Word for word, restate the lines of the data below between those holding "開關(guān)電源外部干擾" and "Milei promocionó la", inclusive; pictures do not belong in the copy.

□ □ □

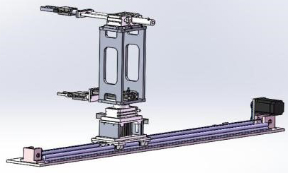 本站的功能是完成向各個工作單元輸送工件,系統(tǒng)分為雙機(jī)械手單元和直線位移位置精確控制單元兩部分,系統(tǒng)上電后,先執(zhí)行回原點操作,當(dāng)?shù)竭_(dá)原點位置后,若系統(tǒng)啟動,供料站物料臺檢測傳感器檢測到有工件時,機(jī)械手整體先提升到位后手爪伸出到位后手爪夾緊,手爪夾緊到位手爪開始縮會機(jī)械手整體下將到位后,伺服電機(jī)開始工作按設(shè)定好的脈沖量到加工站。加工站到位后機(jī)械手整體提升,提升到位后手爪伸出伸出到位后機(jī)械手整體下降,下降到位后工件已放入加工站物料臺上,然后手爪松開,松開到位后機(jī)械手回縮,等加工站加工完成后再將工件送到裝配站進(jìn)行大小料裝配,裝配完成后機(jī)械手抓取物料送到分揀站進(jìn)行分揀,這樣雙機(jī)械手的一個加工運動過程就完成了。只要料筒不缺料會持續(xù)以上過程。當(dāng)料筒出現(xiàn)缺料后,機(jī)器人會搬運過來物料,機(jī)械手會運行到取料位置抓取機(jī)器人上的小料,然后放入小料筒中,然后返回原點,當(dāng)機(jī)器人再次搬運過來物料,機(jī)械手會運行到取料位置抓取機(jī)器人上的大料,然后放入大料筒中,這樣一個物料的拆分過程就完成了,直到把碼垛料臺上的物料全部拆分完成后為止。
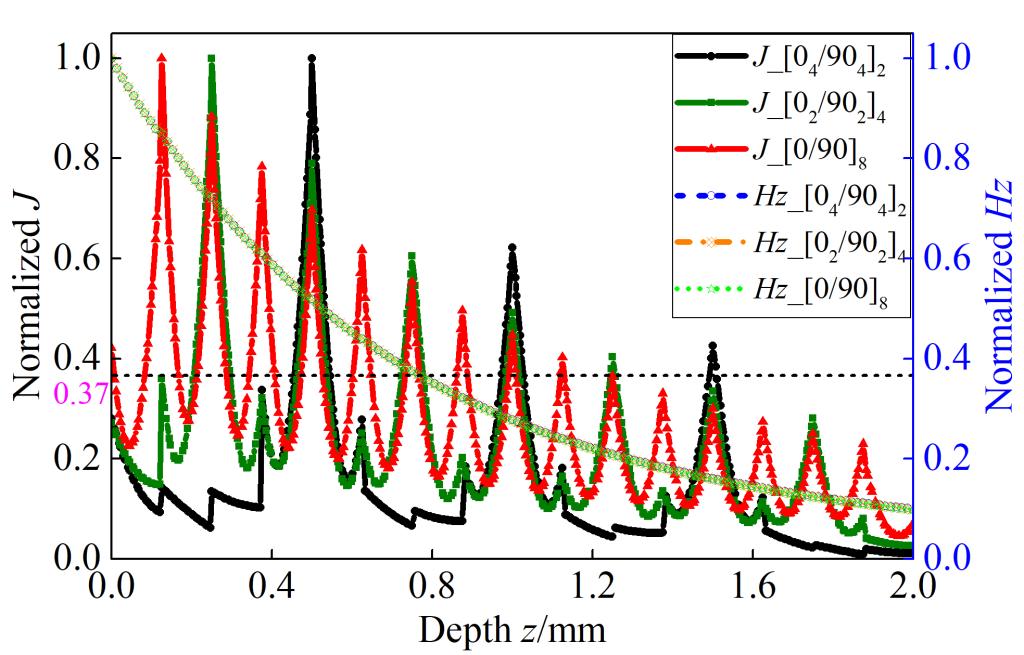 为满足CFRP损伤涡流检测的应用需求,本研究探索了电磁场在多层CFRP板结构中的传播、衰减与扩散特性,解决了多层导电介质交界面处的场量突变问题。研究结果表明,材料的电各向异性是电磁场快速衰减的关键因素,由波印廷定理知强电各向异性造成更多的能量损耗,使得电磁场的衰减特性与频率无关。铺层变化是影响电磁场衰减与扩散的又一重要因素,电磁场的衰减与扩散和相邻铺层角度差呈反比。从入射场角度看,激励源形状是影响电磁场传播特性的另一重要因素,电磁场的衰减与扩散和激励源形状呈反比。该研究结果为定量检测与评估CFRP结构深处缺陷奠定了理论基础,同时为涡流检测探头的设计/优化提供了理论依据。
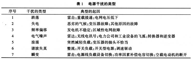 開關(guān)電源外部干擾可以以“共模”或“差模”方式存在。干擾類型可以從持續(xù)期很短的尖峰干擾到完全失電之間進行變化。其中也包括電壓變化、頻率變化、波形失真、持續(xù)噪聲或雜波以及瞬變等,電源干擾的類型見表1。
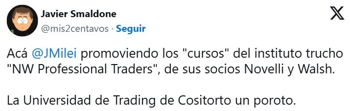 Milei promocionó la escuela de Novelli, que llamó una solución para “el déficit en educación financiera en los países latinoamericanos”.
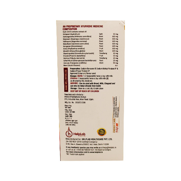 You should carefully read the label before using Helplab's ENERGYCARE SHILAJEET MALT. Children should take one teaspoon twice a day, and adults should take one to two teaspoonfuls twice daily or as a doctor recommends. Avoid taking more than what is advised. Put the items away in a cool, dry area. Keep it away from the reach of children.
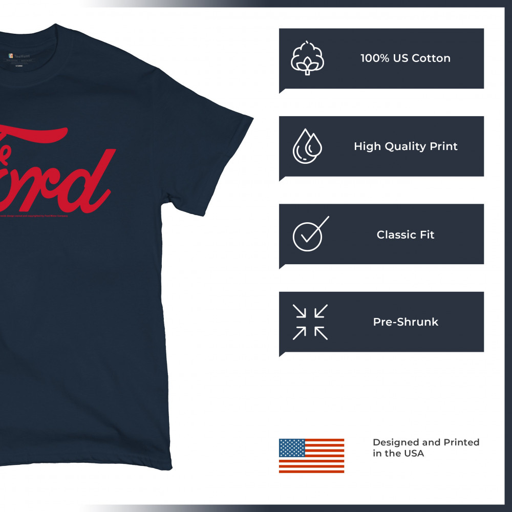 Celebrate American automotive history with this officially licensed Ford script logo design. Rendered in bold red, it honors the legacy of Ford’s muscle car era and modern performance culture. Ideal for collectors, drivers, and auto fans at meets, garages, or everyday wear with pride.

□ □ □

The answer:
 開關(guān)電源外部干擾可以以“共模”或“差模”方式存在。干擾類型可以從持續(xù)期很短的尖峰干擾到完全失電之間進行變化。其中也包括電壓變化、頻率變化、波形失真、持續(xù)噪聲或雜波以及瞬變等,電源干擾的類型見表1。
 Milei promocionó la escuela de Novelli, que llamó una solución para “el déficit en educación financiera en los países latinoamericanos”.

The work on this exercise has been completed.